### Material for this exercise

----------------------------------------

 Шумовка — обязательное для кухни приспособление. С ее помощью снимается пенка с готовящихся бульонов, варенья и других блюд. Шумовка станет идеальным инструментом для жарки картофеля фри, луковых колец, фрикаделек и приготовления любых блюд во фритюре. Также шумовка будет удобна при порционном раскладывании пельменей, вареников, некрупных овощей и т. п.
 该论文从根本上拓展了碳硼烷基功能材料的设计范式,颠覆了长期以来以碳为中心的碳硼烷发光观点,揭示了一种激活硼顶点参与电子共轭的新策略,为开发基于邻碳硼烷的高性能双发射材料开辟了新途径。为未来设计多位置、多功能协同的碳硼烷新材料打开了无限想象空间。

----------------------------------------

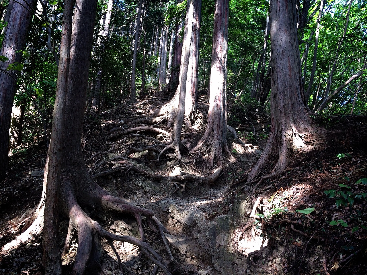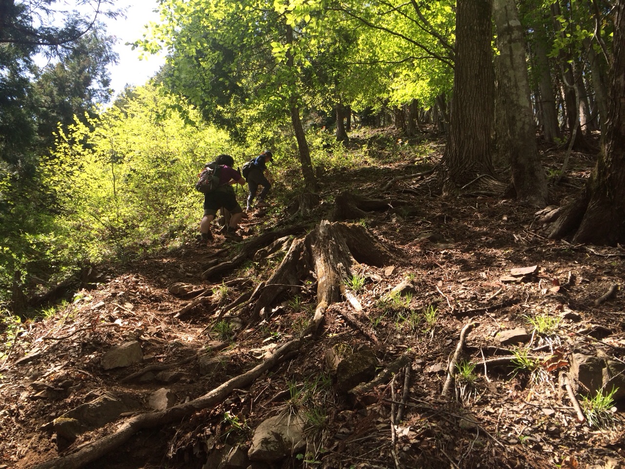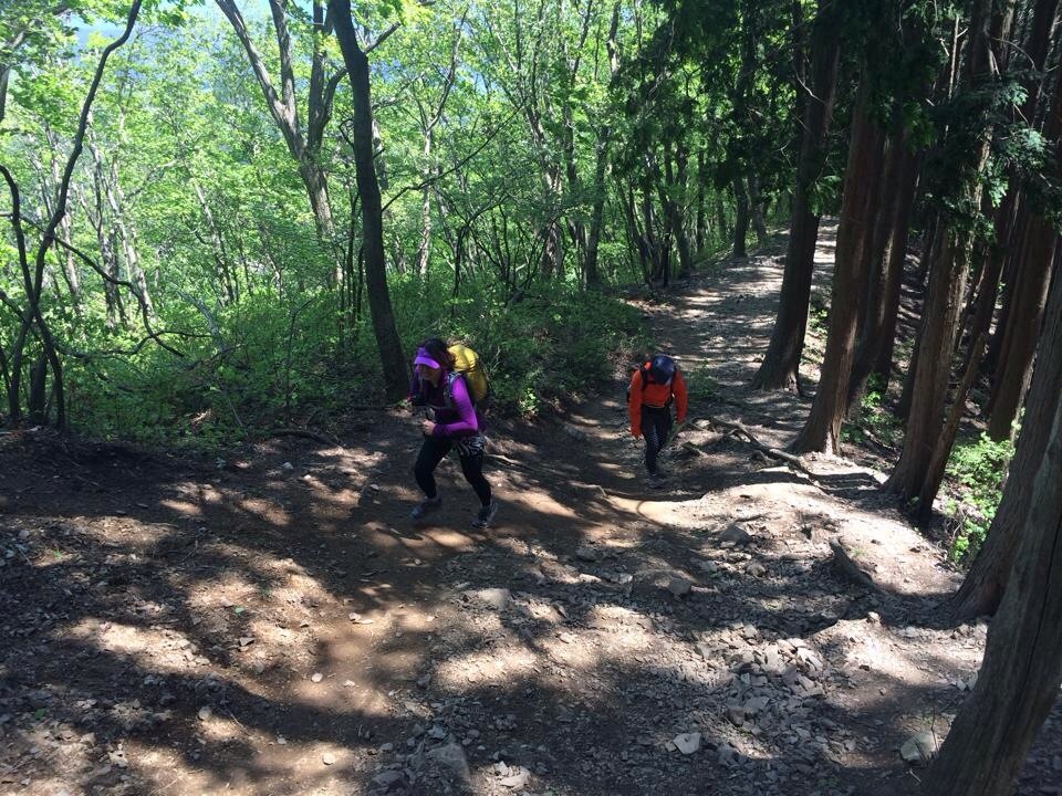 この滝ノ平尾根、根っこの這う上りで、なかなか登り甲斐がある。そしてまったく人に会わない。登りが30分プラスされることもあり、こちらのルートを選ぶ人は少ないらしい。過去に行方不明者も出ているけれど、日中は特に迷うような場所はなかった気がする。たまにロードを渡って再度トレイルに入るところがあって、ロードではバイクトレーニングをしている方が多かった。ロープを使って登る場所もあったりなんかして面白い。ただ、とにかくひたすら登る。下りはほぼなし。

----------------------------------------

### What to work on
For this exercise, output exactly the lines above from the line with "Шумовка — обязательное" to the line with "该论文从根本上拓展了碳硼烷基", counting both, and leave out the rest.

### Exercise result
 Шумовка — обязательное для кухни приспособление. С ее помощью снимается пенка с готовящихся бульонов, варенья и других блюд. Шумовка станет идеальным инструментом для жарки картофеля фри, луковых колец, фрикаделек и приготовления любых блюд во фритюре. Также шумовка будет удобна при порционном раскладывании пельменей, вареников, некрупных овощей и т. п.
 该论文从根本上拓展了碳硼烷基功能材料的设计范式,颠覆了长期以来以碳为中心的碳硼烷发光观点,揭示了一种激活硼顶点参与电子共轭的新策略,为开发基于邻碳硼烷的高性能双发射材料开辟了新途径。为未来设计多位置、多功能协同的碳硼烷新材料打开了无限想象空间。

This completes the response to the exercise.